** Data extract **
★ ★ ★ ★
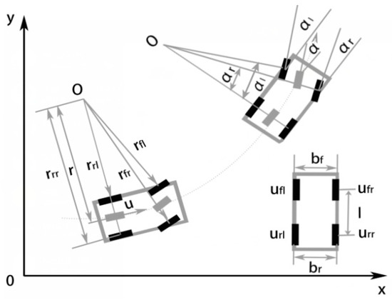 The establishment of the Pre-EKF equations is by vehicle kinematics analysis. While a vehicle is turning to prevent any additional resistance between vehicle and road and excessive tire wear, the design of the complete vehicle steering mechanism requires conformance to the Ackerman Principle [32]. As for a vehicle turning at a certain speed (Figure 3), all wheels are assumed to perform pure rolling motion, and the axes of all wheels intersect at the turning center (Point O) at this time. The complete vehicle may be virtually simplified as a two-wheel motorcycle model [33] with two degrees of freedom. In addition, the virtual steering angle corresponds to the center of the front axle. The following Equations (1)–(9) are quoted from [25], which gives a detailed introduction to the derivation process. This paper is slightly improved on this basis, where = tan () is assumed to simplify the calculation of the EKF algorithm.
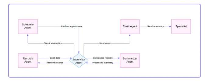 这种架构的一个实际应用可能是医院的专家预约系统。当患者发起请求时,监督者智能体控制整个工作流程:
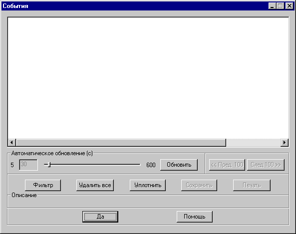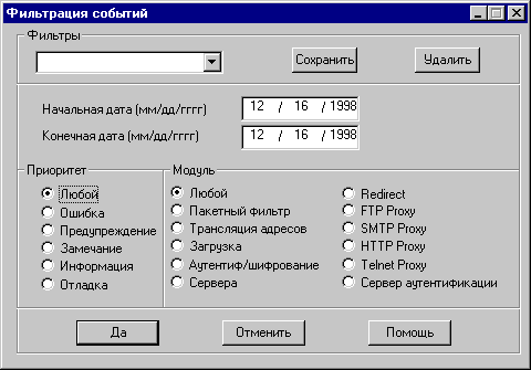 Модуль: Эта опция позволяет увидеть сообщения, которые генерируются каким-либо из трех главных модулей системы или любым внешним сервером. При выборе конкретного модуля будут показаны только относящиеся к нему сообщения. Кнопка Да накладывает описанный фильтр и открывает окно событий с выборкой соответствующей фильтру информации. Кнопка Отменить отменяет операцию фильтрации и в полях окна событий появляется предыдущая информация. Кнопка Помощь выводит окно подсказки по данному разделу.
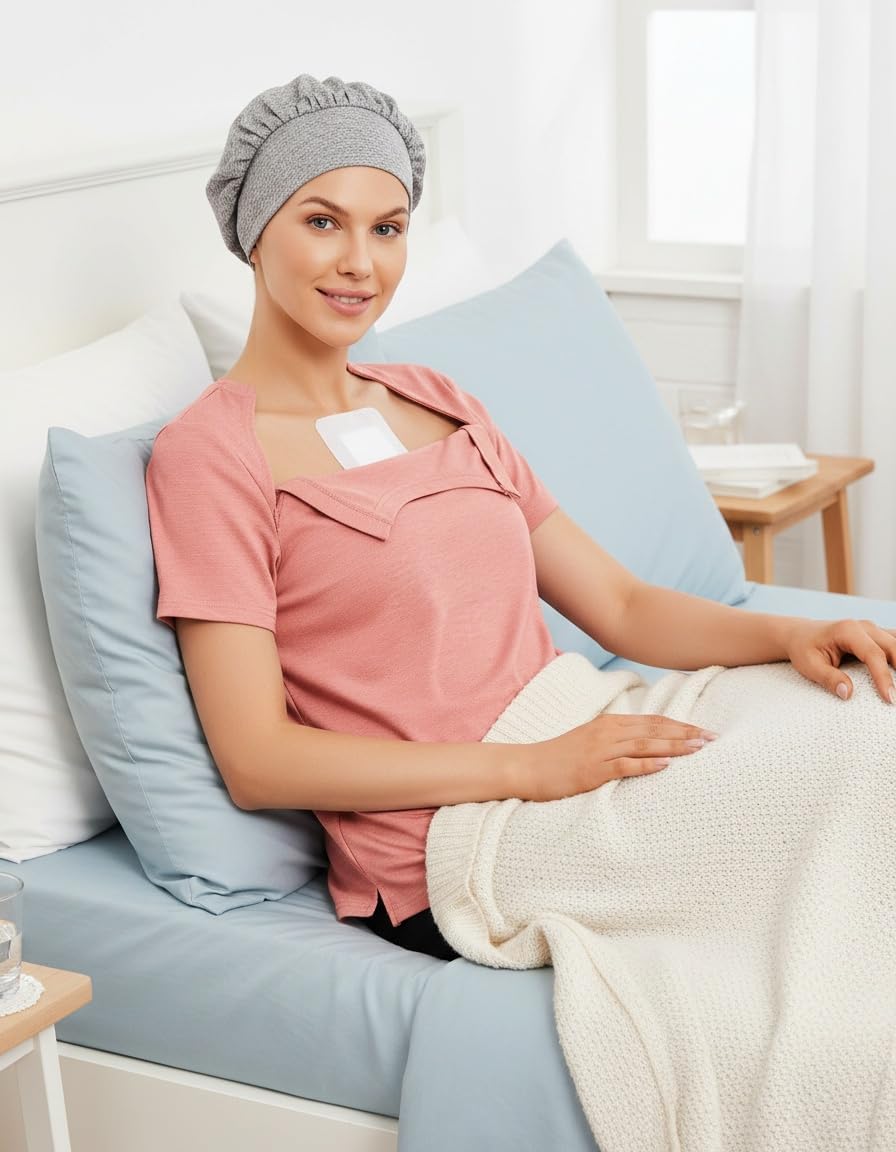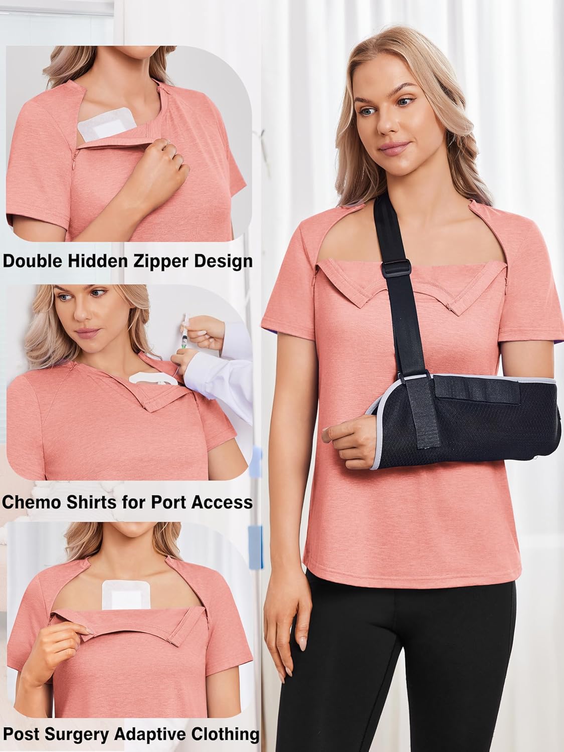 Deyeek Chemo Shirts for Port Access Women with 2 Hidden Side Zippers Post Surgery Short Sleeve Tear Away Adaptive Top Tees
★ ★ ★ ★
** Exercise description **
In full and without any pictures, print the listing above exactly.

** Written answer **
 The establishment of the Pre-EKF equations is by vehicle kinematics analysis. While a vehicle is turning to prevent any additional resistance between vehicle and road and excessive tire wear, the design of the complete vehicle steering mechanism requires conformance to the Ackerman Principle [32]. As for a vehicle turning at a certain speed (Figure 3), all wheels are assumed to perform pure rolling motion, and the axes of all wheels intersect at the turning center (Point O) at this time. The complete vehicle may be virtually simplified as a two-wheel motorcycle model [33] with two degrees of freedom. In addition, the virtual steering angle corresponds to the center of the front axle. The following Equations (1)–(9) are quoted from [25], which gives a detailed introduction to the derivation process. This paper is slightly improved on this basis, where = tan () is assumed to simplify the calculation of the EKF algorithm.
 这种架构的一个实际应用可能是医院的专家预约系统。当患者发起请求时,监督者智能体控制整个工作流程:
 Модуль: Эта опция позволяет увидеть сообщения, которые генерируются каким-либо из трех главных модулей системы или любым внешним сервером. При выборе конкретного модуля будут показаны только относящиеся к нему сообщения. Кнопка Да накладывает описанный фильтр и открывает окно событий с выборкой соответствующей фильтру информации. Кнопка Отменить отменяет операцию фильтрации и в полях окна событий появляется предыдущая информация. Кнопка Помощь выводит окно подсказки по данному разделу.
 Deyeek Chemo Shirts for Port Access Women with 2 Hidden Side Zippers Post Surgery Short Sleeve Tear Away Adaptive Top Tees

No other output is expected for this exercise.